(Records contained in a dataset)

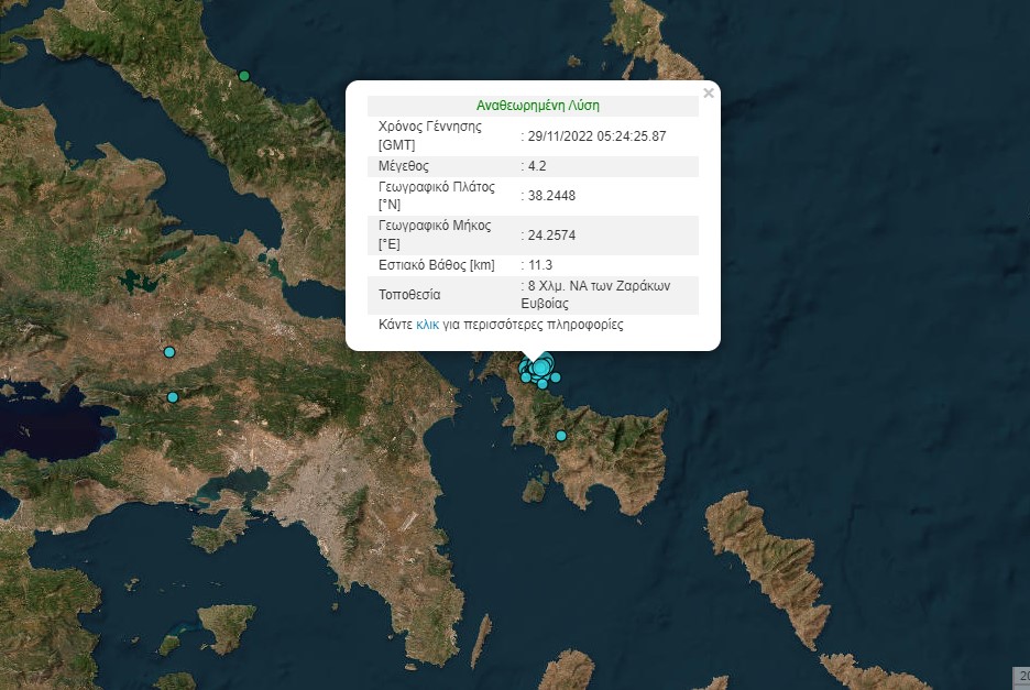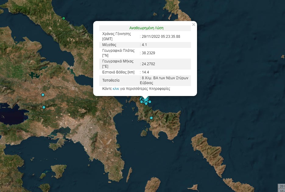 Ακολούθησε ασθενής σεισμική δόνηση με μέγεθος 4,1 στην κλίμακα Ρίχτερ, στις 07:23 ώρα Ελλάδος, σε απόσταση 56 χλμ. ανατολικά/βορειανατολικά των Αθηνών, σύμφωνα με το Γεωδυναμικό Ινστιτούτο, με το επίκεντρο της δόνησης εντοπίζεται στο θαλάσσιο χώρο 8 χλμ. βορειανατολικά των Νέων Στύρων Εύβοιας.
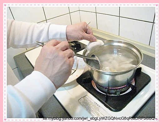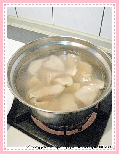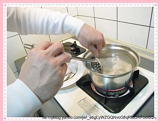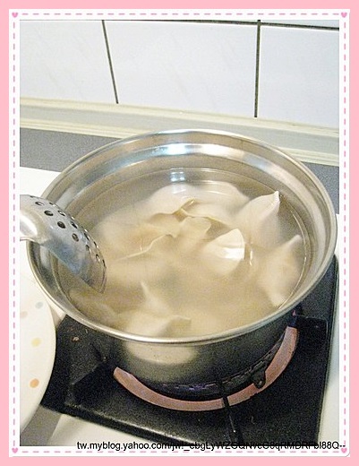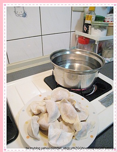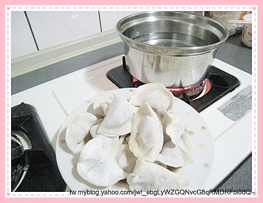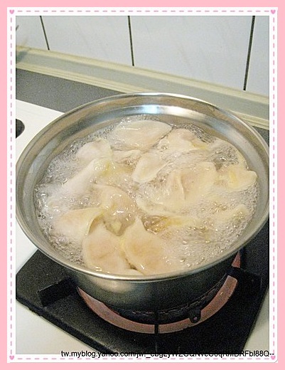 。等水開始跳舞時(水滾)。就可以放水餃囉
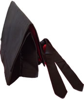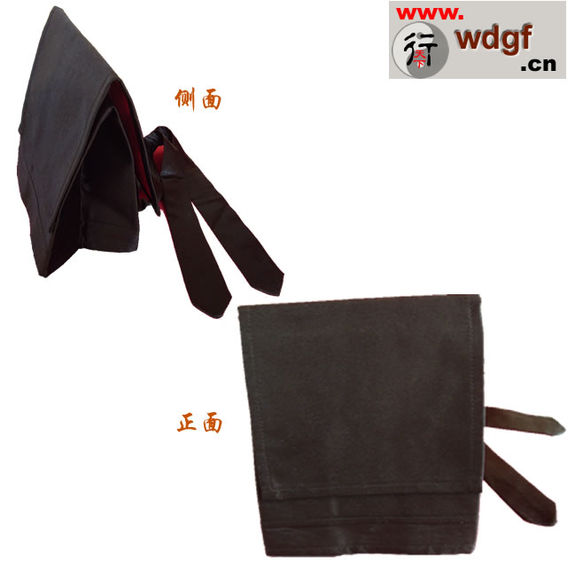 庄子巾:亦称冲和巾,南华巾。传说是南华真人庄子所制。该巾下面为方形,上部为三角形,状如屋顶。佩戴此巾,颇象南华真人一样无拘无束,自有出尘之表。
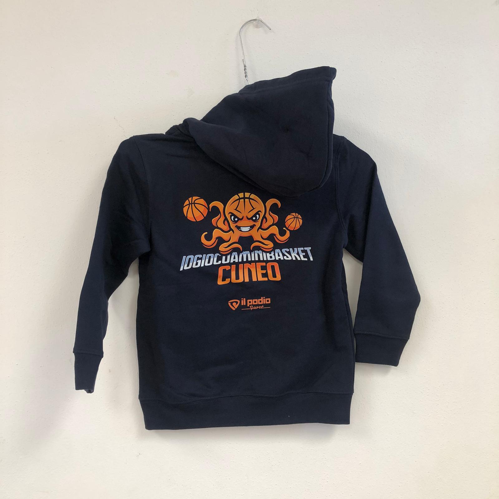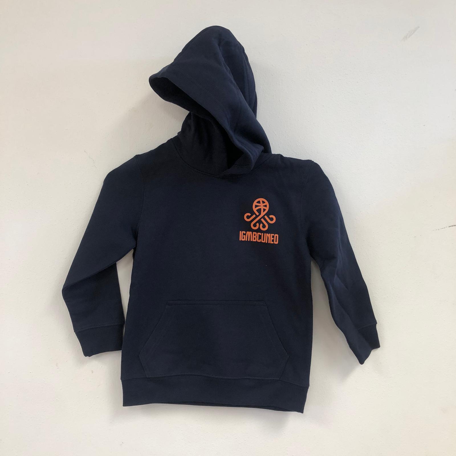 Felpa blu navy con cappuccio Unisex, cotone + poliestere. Polsini, collo e orlo inferiore in costina. Felpata internamente. Stampa logo OCTO stilizzato frontale lato cuore e logo IGMB sul retro.
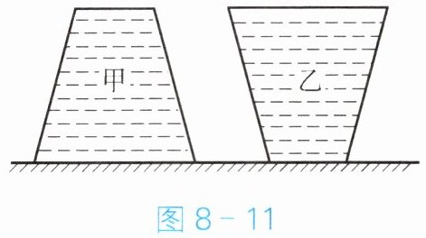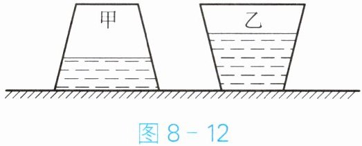 - 举一反三 同一个密封的圆台形容器未装满水,放在水平桌面上。如图8-12所示,放置方式由甲变为乙,关于水对容器底部的压强$p_{1}以及整个容器对桌面的压强p_{2}$的变化情况,下列说法中正确的是(
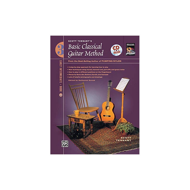From the best-selling author of Pumping Nylon, Alfred introduces the third book in Scott Tennant's Basic Classical Guitar Method series. This book offers a step-by-step approach for learning how to play new techniques such as barres, hammer-ons, pull-offs, and grace notes and how to play in different positions on the fingerboards. The book includes pieces by Bach, Sor, Giuliani, Carulli, and Carcassi, plus many helpful photographs and drawings. Collect the entire trilogy and start playing classical guitar now!
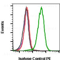 Fig-1: Flow cytometric analysis of U937 cells using rabbit (G9) mAb Isotype Control (PE Conjugate) for untreated (blue) or treated with IFNa (Red) compared to Phospho-Src (Tyr416) (C4) rabbit mAb (PE conjugate) untreated (black) or IFNa treated (green).
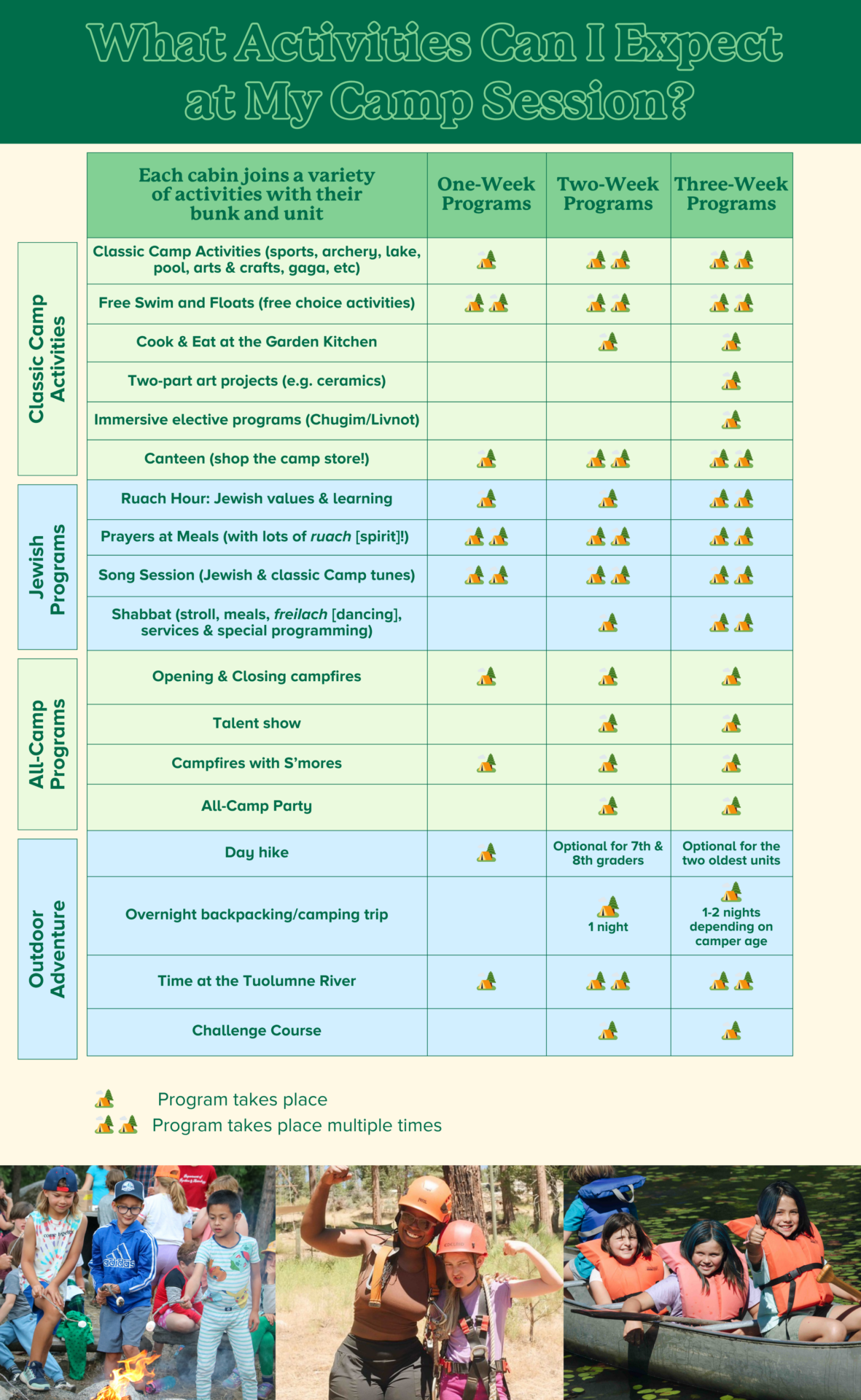 Sessions 2, 2a, 3, 3a and 4 feature all of the classic camp activities, Shabbat celebrations, 1-2 night backpacking trips (or camping trips for the youngest campers), optional day hikes, a day on the adventure challenge course, elective activities and more and are the perfect blend of fun, friendship and independence. These longer sessions maximize safety by minimizing camper population turnover and offer campers a chance to build a deep connection to community, nature and Judaism within a warm, welcoming and inclusive environment.

* _Required action_: All lines from the start of the entries through the one with "庄子巾:亦称冲和巾,南华巾。" are to be output exactly; omit the pictures.

* _Completed task_:
 Ακολούθησε ασθενής σεισμική δόνηση με μέγεθος 4,1 στην κλίμακα Ρίχτερ, στις 07:23 ώρα Ελλάδος, σε απόσταση 56 χλμ. ανατολικά/βορειανατολικά των Αθηνών, σύμφωνα με το Γεωδυναμικό Ινστιτούτο, με το επίκεντρο της δόνησης εντοπίζεται στο θαλάσσιο χώρο 8 χλμ. βορειανατολικά των Νέων Στύρων Εύβοιας.
 。等水開始跳舞時(水滾)。就可以放水餃囉
 庄子巾:亦称冲和巾,南华巾。传说是南华真人庄子所制。该巾下面为方形,上部为三角形,状如屋顶。佩戴此巾,颇象南华真人一样无拘无束,自有出尘之表。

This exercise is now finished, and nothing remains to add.